Example 1 - The cab problem
A classic explanation for the base rate fallacy involves a scenario in which 85% of cabs in a city are blue and the rest are green. One night, a cab is involved in a hit and run accident. A witness claims the cab was green, however later tests show that they only correctly identify the color of the cab at night 80% of the time. When asked what the probability is that the cab involved in the hit and run was green, people tend to answer that it is 80%. However, this ignores the base rate information that only 15% of the cabs in the city are green. When taking all the information into consideration, crunching the numbers shows that the likelihood that the witness was correct is actually 41%.

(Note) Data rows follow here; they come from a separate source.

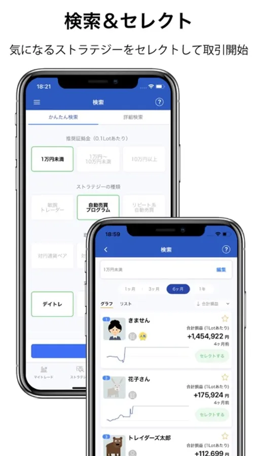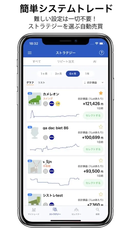 FXのシステムトレード(自動売買)を行う商品です。検索画面からお気に入りのストラテジー(自動戦略)を選ぶと、選択したストラテジーの取引に準じて自動で取引が行われます。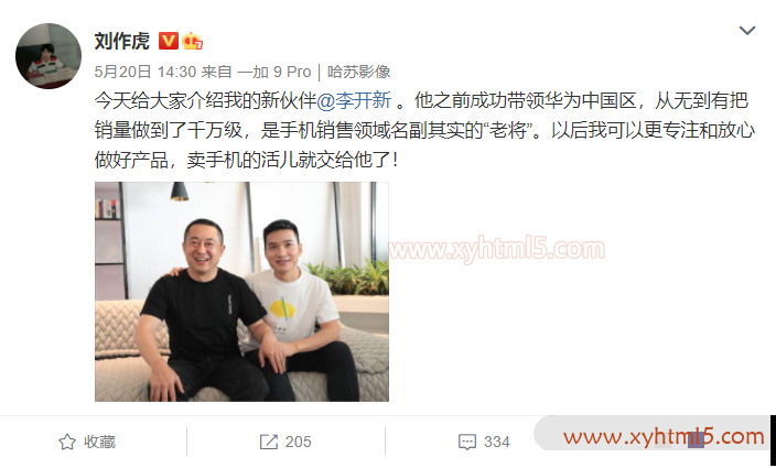 5月20日,一加科技创始人刘作虎通过微博宣布,前荣耀销售副总裁、360手机总裁李开新加盟一加,担任一加手机副总裁职务。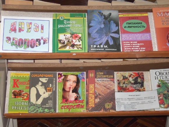 На сегодняшний день в библиотеке представлен подраздел цикла «Перемагаємо недугу, утверджуємо и звеличуємо себе». Выставка посвящена проблемам здорового образа жизни. На стендах представлены книги о фитнесе, правильном питании, различных диетах, методах траволечения и способах закаливания.
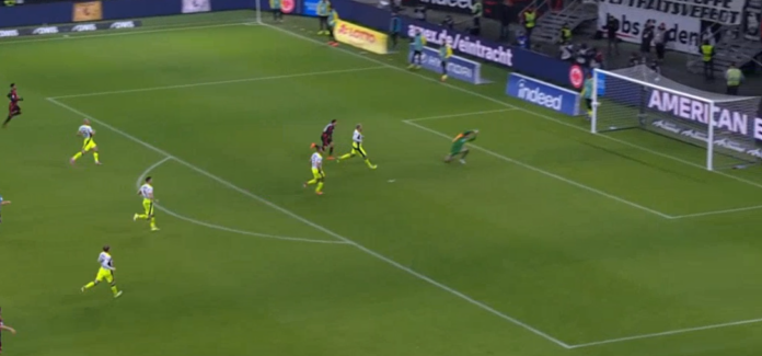 Во 68 минута Борусија поведе со 2:1, но домаќините не се предадоа. Напрво во 71 минута израмнија на 2:2, а потоа следуваше вистинско шоу во судиското надополнување. Со голот на Дауд во 90+2 минута Ајнтрахт поведе со 3:2 и се чинеше дека домаќините ќе ги освојат трите бода.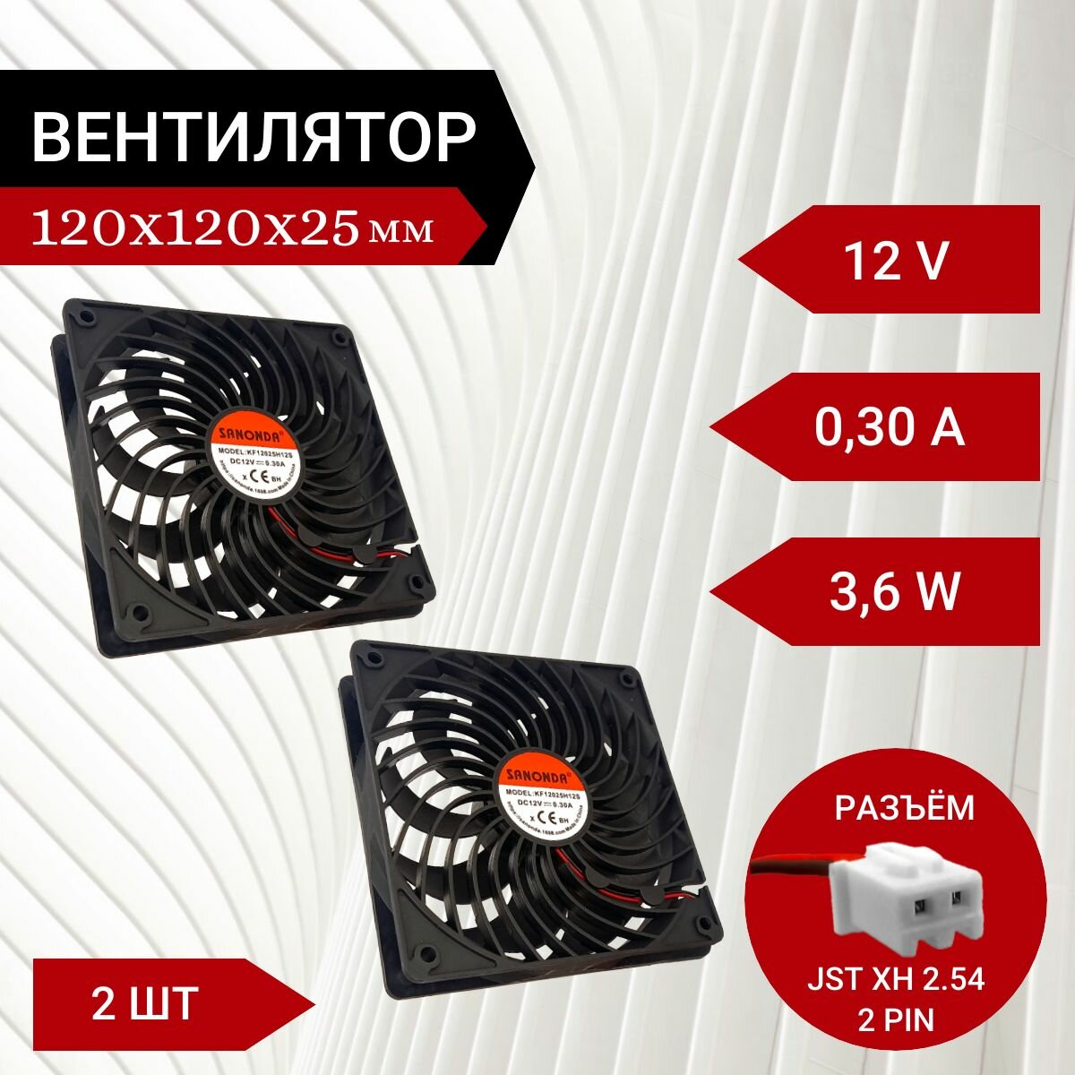 Купить 2 шт Вентилятор / Кулер 12V DC 0.3A 120х120х25мм 3.6W 2 PIN с решеткой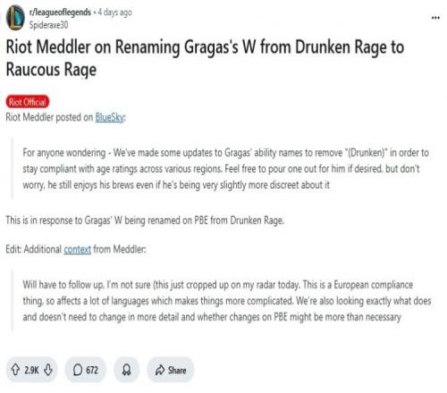 -拳头移除格雷福斯的雪茄都多久了?现在又要删掉古拉加斯所有酒精相关的元素。但女角色那些暴露的服装呢?屁都不改?笑死。克烈的脏话怎么说?约里克提到的尸体呢?啊这些就都没问题是吧?但酒和烟?绝 对 不 行。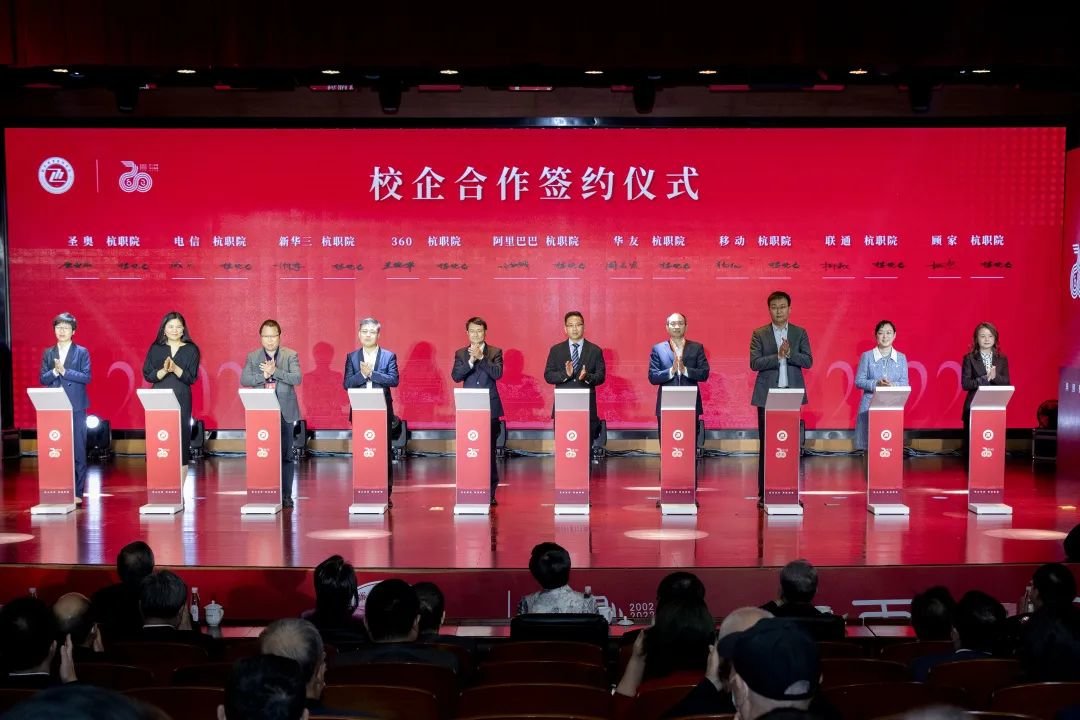 学校与阿里巴巴集团淘宝教育、360集团、新华三、电信、移动、联通等企业签署了新一轮的校企合作协议,将以共建基地项目化教学的模式共同培养更多更符合企业需求的数字经济产业技术人才。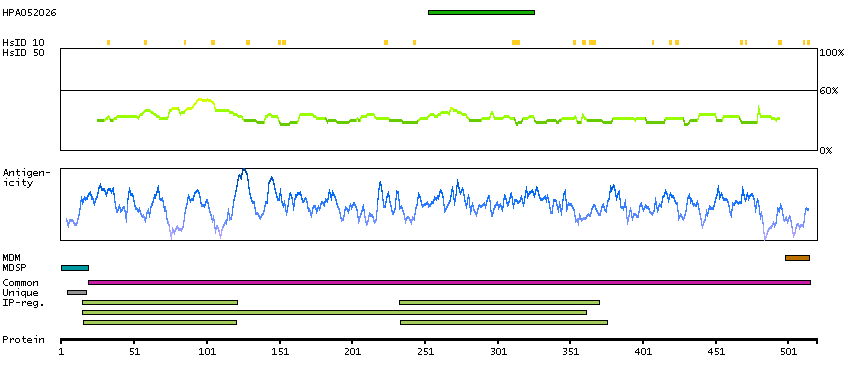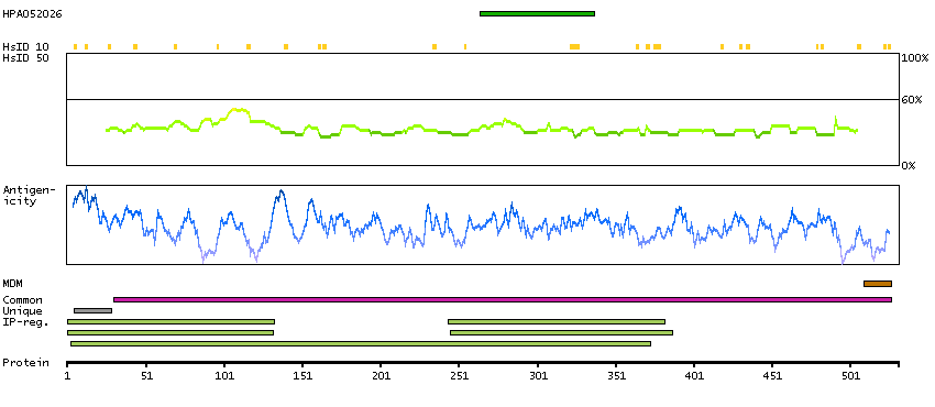 Under the antigens, the maximum percent sequence identity of the protein to all other proteins from other human genes is displayed, using a sliding window of 10 aa residues (HsID 10) or 50 aa residues (HsID 50). The region with the lowest possible identity is always selected for antigen design, with a maximum identity of 60% allowed for designing a single-target antigen (read more).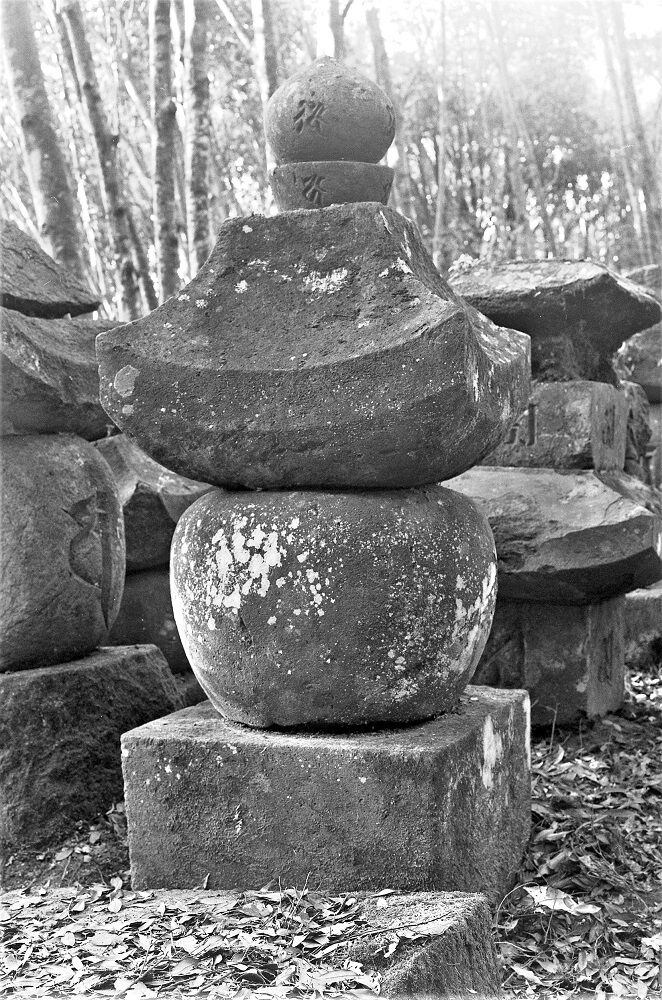 各輪正面のみに五輪塔五大、発心門の種字「ア」「バ」「ラ」を薬研彫りする。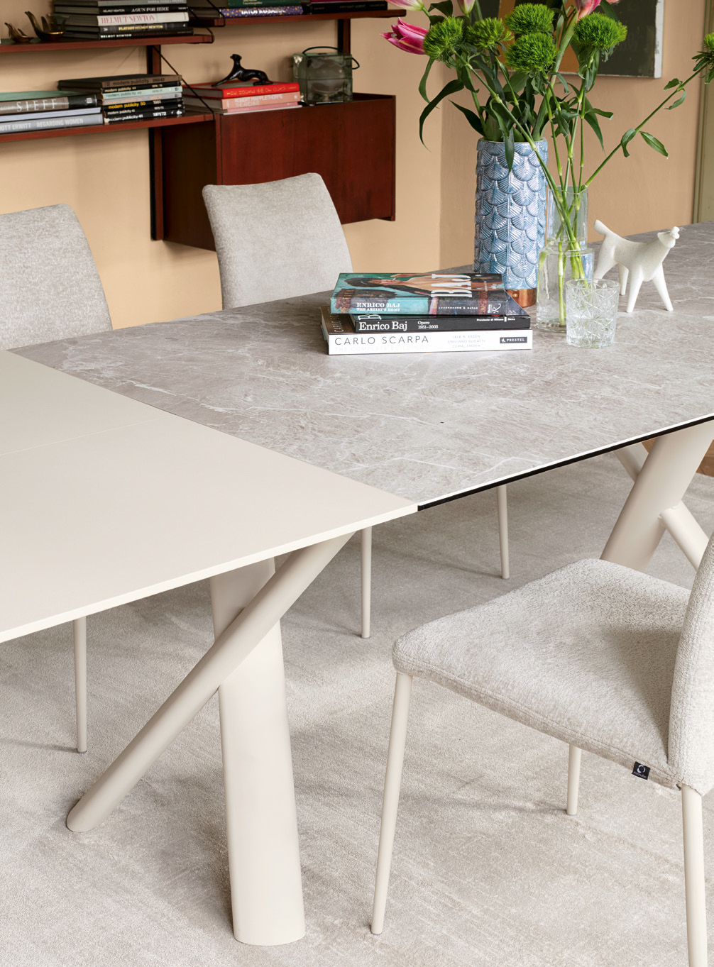La table Master est une œuvre d'art qui allie fonctionnalité et style avec brio. Sa structure robuste et son esthétique moderne se distinguent par leur nouveau caisson, doté d'un mécanisme innovant, qui abrite un plateau coulissant en céramique, tandis que sa rallonge en mélamine, de type livre, garantit une polyvalence inégalée. Master est un nom synonyme d'excellence et d'autorité : cette table se distingue par sa fonctionnalité supérieure. Son design minimaliste et l'utilisation de matériaux de haute qualité en font un choix idéal pour les environnements modernes et dynamiques, où durabilité et esthétique sont essentielles.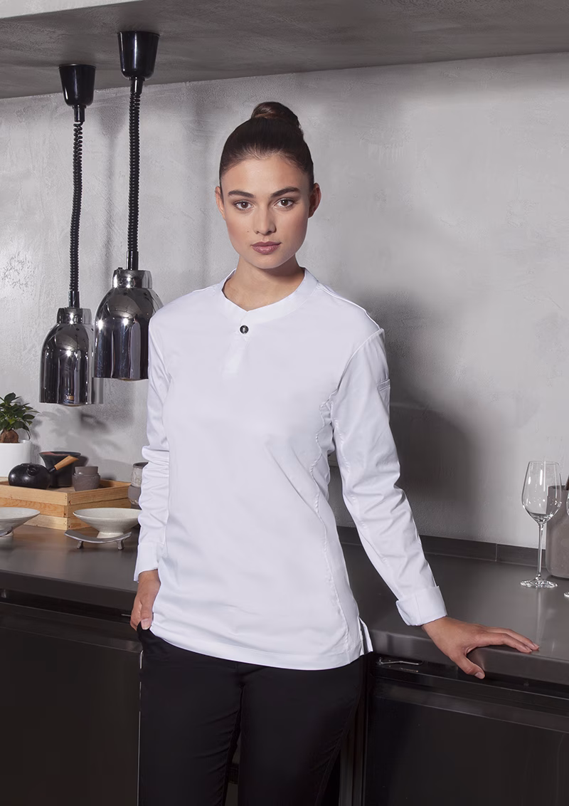 Mit dem Langarm-Damen-Arbeitsshirt Performance präsentieren wir Ihnen ein hochwertiges Kleidungsstück, das speziell auf die Bedürfnisse von Frauen in der Gastronomie, Hotellerie sowie im Service- und Wellnessbereich zugeschnitten ist. Das moderne Design vereint sportliche Eleganz mit funktionaler Vielseitigkeit – ideal für den professionellen Alltag und darüber hinaus.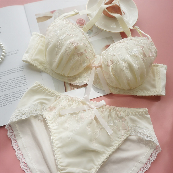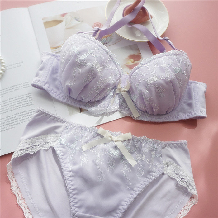 Summer Acacia Japan sweet girl cute kitten embroidered bra set thin Cup comfortable plus size underwear
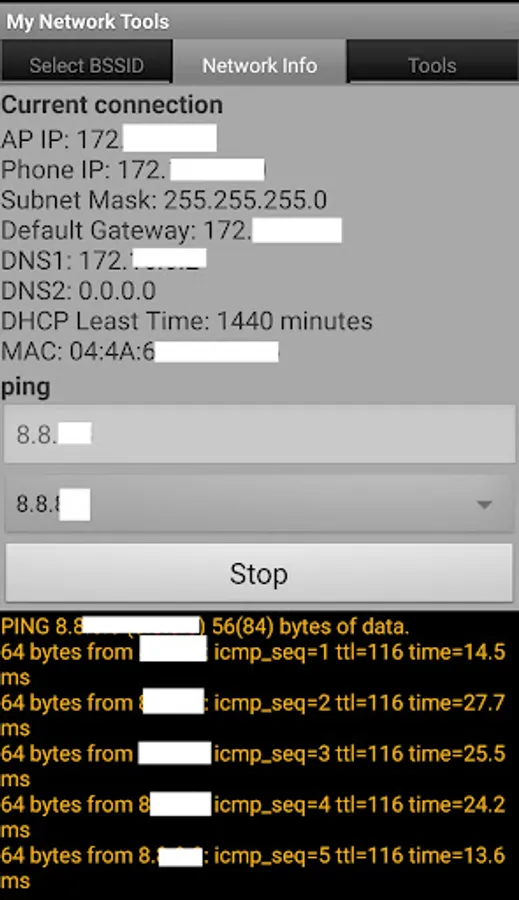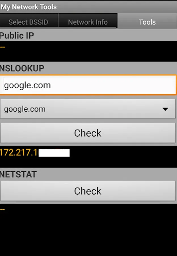 A small size and handy network tool for checking Wi-Fi status, reporting the rssi, channel, bandwidth. It also allow BSSID selection, but this feature is not work on android 10. Network tool included ping, netstat, public IP checking and nslookup.

Example 2 - How much will you donate?
Participants in a study were asked how much out of the five dollars they were given would they donate to a given charity. They were asked to make the same prediction about their average peer. Next, they were presented with the actual donations of 13 other donors and given the chance to adjust their predictions. They adjusted their predictions of their peers to match the base rate information but did not change their predictions for themselves. When we have access to individuating information, we assign it greater value than base rate information, which is why their ratings of themselves stayed the same. However, participants did not have access to individuating information about their peers and therefore relied on base rate information instead.
How to avoid it
To avoid committing the base rate fallacy, we need to take a more active approach to assessing probability, by working on paying more attention to the base rate information available to us and by recognizing that personality and past behaviors are not as reliable predictors of future behavior as we think they are.